Omertà a la catalana

Sea cierto o no lo de las comisiones, lo que ha demostrado este triste episodio parlamentario es que el oasis político catalán se acaba

El hundimiento del túnel de metro que se encontraba en construcción bajo el barrio barcelonés del Carmelo ha empezado a cobrarse víctimas políticas. Por un lado, el consejero Joaquim Nadal presentó en el altar del Parlamento dos sacrificios propiciatorios pero menores. Por otro, el presidente Pascual Maragall y el jefe de la oposición, Artur Mas, elevaron la temperatura de la crisis protagonizando un agrio y tenso debate en la cámara autonómica. Lo primero era previsible, lo segundo no.
 
La concatenación de errores e incompetencias en la adjudicación y ejecución de las obras, por mucho que Maragall quisiese mantener a raya a los informadores, ha terminado por desatar una tormenta que ha puesto al descubierto las podridas entrañas de la política catalana.

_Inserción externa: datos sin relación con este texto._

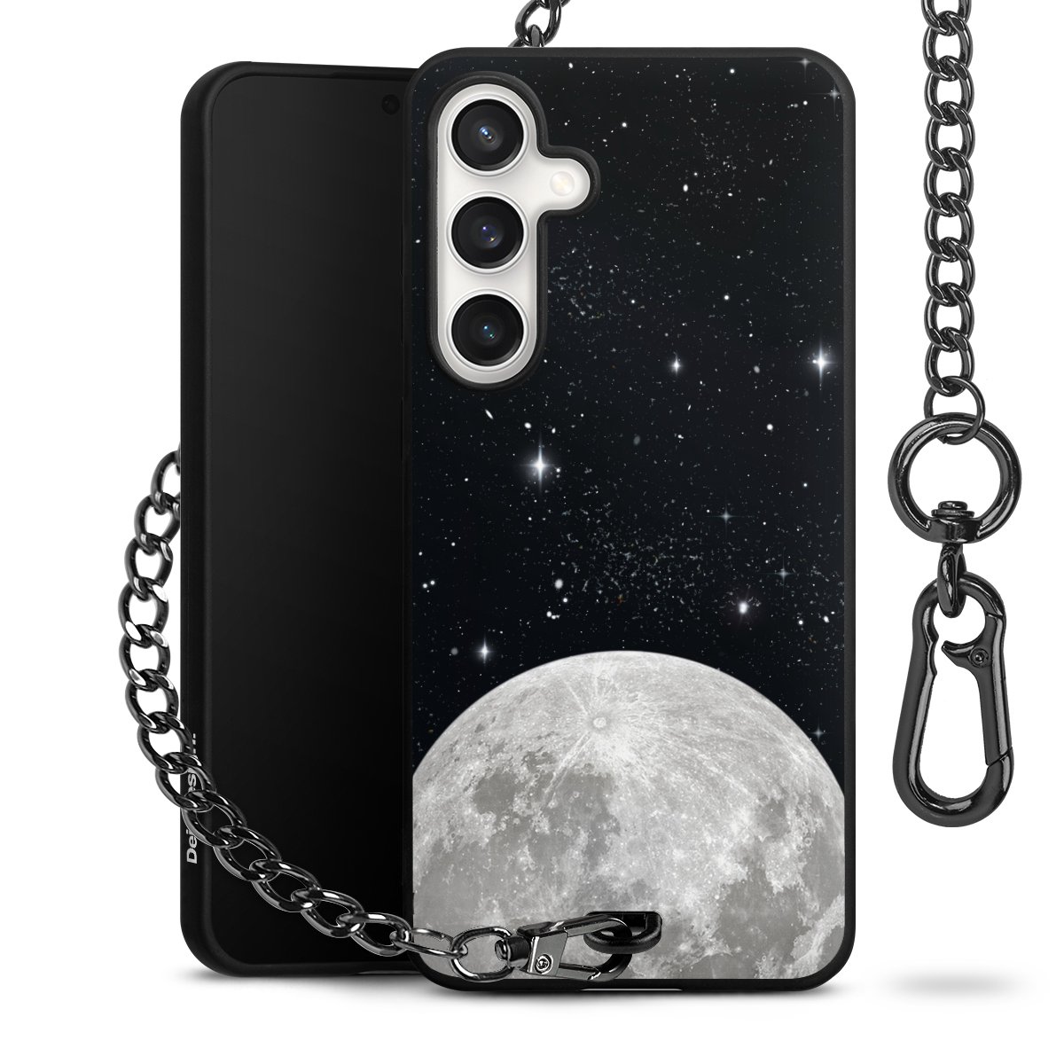 • Mattschwarze Handyhülle mit Metallkette

Porque lo más grave, siéndolo mucho, no es que Maragall insinuase a Mas que el anterior Ejecutivo convergente se llevaba un 3% en las adjudicaciones, lo más grave es la reacción del antiguo número dos de Jordi Pujol. En las nerviosas palabras de Mas se entreveía la contrariedad del traicionado. No advirtió Artur Mas de las derivaciones legales que podrían tener tan graves acusaciones, sino que se revolvió conminando al socialista a que rectificase amenazándole con romper el acuerdo sobre la reforma del estatuto.
 
¿Qué esconde semejante actitud?, ¿acaso una vergonzante omertà a la catalana, un pacto de silencio entre las dos fuerzas que han monopolizado el poder en Cataluña durante los últimos 25 años? Si Maragall está tan seguro de lo que dijo en el Parlamento con luz y taquígrafos, debe llevarlo inmediatamente a los tribunales con las pruebas pertinentes. Si Mas -y su partido- están libres de culpa, debe poner a sus abogados a trabajar porque una calumnia de tal calibre no se puede dejar pasar.
 
Sea cierto o no lo de las comisiones, lo que ha demostrado este triste episodio parlamentario es que el oasis político catalán se acaba. La ficción que los dos principales partidos han construido desde la transición repartiéndose el pastel del poder con el pretexto de un discurso nacionalista monolítico toca a su fin. El hábil y maniobrero Jordi Pujol mantuvo la tramoya en perfectas condiciones durante los muchos años de su gobierno. PSC y CiU se repartían parcelas de poder y hasta se especuló con un gabinete de coalición tras las últimas autonómicas. Pero Maragall no es Pujol. Su maximalismo y falta de tacto ha conducido a una situación que, por otro lado, era inevitable. Los políticos que gobiernan en Cataluña no representan a todos los catalanes sino sólo a una parte, a esa Cataluña oficial cuyo único objetivo es la reforma del Estatuto y la soberanía plena a plazos. Ambiciones legítimas pero muy alejadas de las que tiene la Cataluña real, la formada por la mayor parte de sus ciudadanos y cuyas aspiraciones, curiosamente, no distan mucho de las del resto de españoles.
 
La crisis del Carmelo ha servido de espoleta para una bomba que llevaba tiempo armada. La barriada barcelonesa es el símbolo de esa Cataluña excluida, nunca asimilada por la otra Cataluña que ayer se tiraba los trastos a la cabeza en el Parlamento. El antaño robusto equilibrio catalán nacido al calor de la restauración de la Generalidad se ha resquebrajado. Las consecuencias son imprevisibles e invitan a una reflexión pausada. La democracia en Cataluña puede ganar mucho, los catalanes más.